The second cause Aristotle identifies is the formal cause, “the form or the archetype, i.e. the statement of the essence” (Physics 194b27-28). The essence of the Son who “came down from the heavens” and became man is God (Decrees 24). Yet, also, He took on the essence of Man. He who is ὁμοούσιον with the Father also became ὁμοούσιον with humanity and so there are two formal causes of the incarnation: the forms or secondary substances of both God and Man. The form or essence of the incarnate Jesus Christ is both God and Man.
 The third cause Aristotle identifies is the efficient or agent cause, “the primary source of the change or coming to rest” (Physics 194b29). The agent cause of the incarnation is the Holy Spirit, because the Son of God “became incarnate from the Holy Spirit” (Decrees 24). As Creator, God is the primary source of all that comes to be. In God, the Father cannot be understood as the cause of the Son or the Holy Spirit, though some may be tempted to come to that conclusion given that the Son is begotten of the Father and the Holy Spirit proceeds from the Father, because the Son and the Holy Spirit, as God, are uncaused. However, the Father is the cause of the Son being begotten and the Father is the cause of the Holy Spirit proceeding. It is “from the Father” that the Son is begotten and it is “from the Father” that the Holy Spirit proceeds (Decrees 24). I will return to further efficient causes described in the Creed after I describe for what purpose these agencies work, that is, their final cause.

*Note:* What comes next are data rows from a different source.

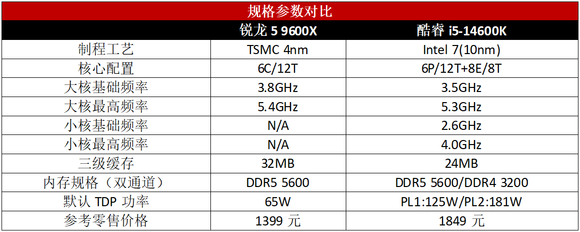 通过简单的对比,孰优孰劣就很明显了。两款处理器实际上都是6核12线程的配置,锐龙5 9600x 5.4ghz的核心频率更高,超频实现起来也更简单,同时32mb的三级缓存也多出了33%,无论游戏吃频率还是吃缓存,都能很好地应对,提供更好的游戏性能。
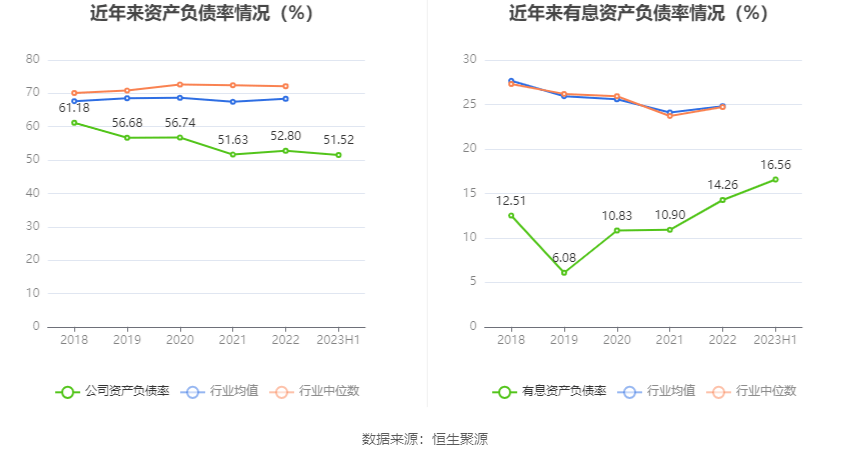 偿债能力方面,公司2023年二季度末资产负债率为51.52%,相比上年末减少1.28个百分点;有息资产负债率为16.56%,相比上年末增加2.30个百分点。
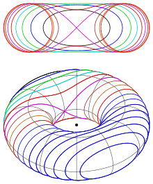 Spiric sections were first described by the ancient Greek geometer Perseus in roughly 150 BC, and are assumed to be the first toric sections to be described. The name spiric is due to the ancient notation spira of a torus.,[1][2]
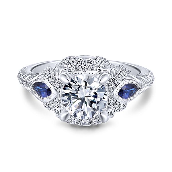 SAMPLE D=0.15cttw Vintage 14k White Gold Round 3 Stones Halo Diamond A Quality Sapphire
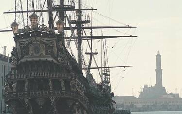 (ANSA) - GENOVA, 05 GEN - Perde pezzi il Galeone del film Pirati di Roman Polanski ormeggiato al porto antico di Genova.
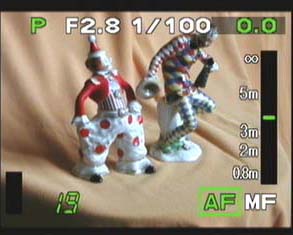 Камера довольно быстрая, она позволяет производить серийную съемку с частотой 3,3 кадра /сек. Выбор режимов этой камеры теперь может удовлетворить самого привередливого профессионала. Есть режим автоматической «экспозиционной вилки», который позволяет сделать 3 или 5 кадров с разной экспозицией. При этом сперва делается кадр с нормальной экспозицией, а затем, если вы продолжаете удерживать кнопку нажатой, то камера делает серию снимков, при этом изменяя экспозицию каждого последующего с шагом в 1/3 EV, 2/3 EV и 1 EV.Можно вручную устанавливать как выдержку, так и диафрагму, а режим фокусировки, который у 2000-й камеры был только обозначен, здесь, можно сказать, достиг своего идеала. При переключении в режим ручной фокусировки на экране камеры появляется шкала, которая отображает расстояние до объекта, а для более четкой наводки на резкость на экране камеры показывается увеличенная центральная часть кадра. Как только вы прекращаете поиск точной фокусировки, камера автоматически возвращает изображение в режим показа полного кадра.
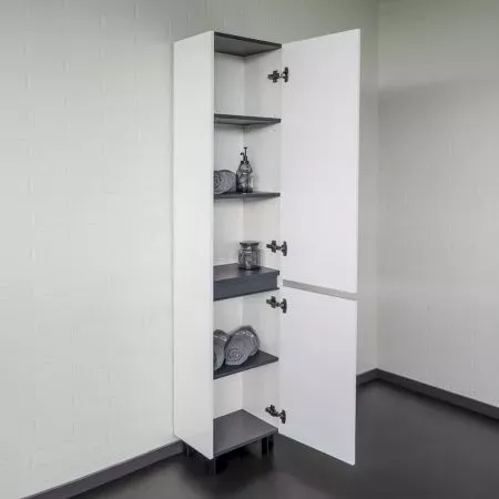 Габариты (ШхВхГ): 400*1900*300 ммНапольная шкаф-колонна отличное решение для хранения разных предметов необходимых в ванной комнате. За верхней дверцей три полки, за нижней одна. Фасады изготовлены из МДФ и окрашены белой глянцевой эмалью. Дверцы могут быть подвешены как в правом, там и в левом исполнении. Петли оборудованы механизмами плавного закрывания.
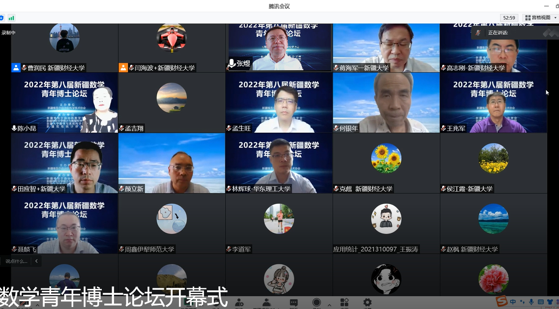 由自治区科协主办,新疆数学学会、新疆财经大学等承办的第八届新疆数学青年博士学术论坛在线研讨会举行。自治区科协党组成员、副主席张煜出席论坛开幕式并致辞。

The fourth cause that Aristotle identifies is the final cause “in the sense of end or ‘that for the sake of which’ a thing is done” (Physics 194b33-34). “For us humans and for our salvation” is the final cause of what follows in the Creed: the incarnation, the crucifixion, the suffering, the burial, the resurrection, the ascension, the session, the coming again, the judgment, the kingdom, the prophets, the Church, and baptism (Decrees 24). All these things are the efficient causes or agencies that bring about our salvation, which is “the forgiving of sins…, resurrection of the dead and life in the age to come” (Decrees 24). This is a description of our salvation, the final end of these acts of the Lord. These acts of the Lord create the potential for our salvation, which we can cooperatively actualize in ourselves by responding affirmatively to Him with our lives.
The philosophical terms of Aristotle’s categories and causes are useful for organizing our thinking and clearly expressing the truth that has been revealed to us in the Church. It seems apparent that the Fathers of the First Nicene and Constantinopolitan Councils allowed his philosophy to shape their understanding and expression of the faith and it is good for us to learn his system of thought so that we can more clearly understand them.

Works Cited
Aristotle. The Basic Works of Aristotle. Ed. Richard McKeon. New York: Random House, 1941.
Decrees of the Ecumenical Councils. Ed. Norman P. Tanner. Vol. 1. London: Sheed & Ward, 1990.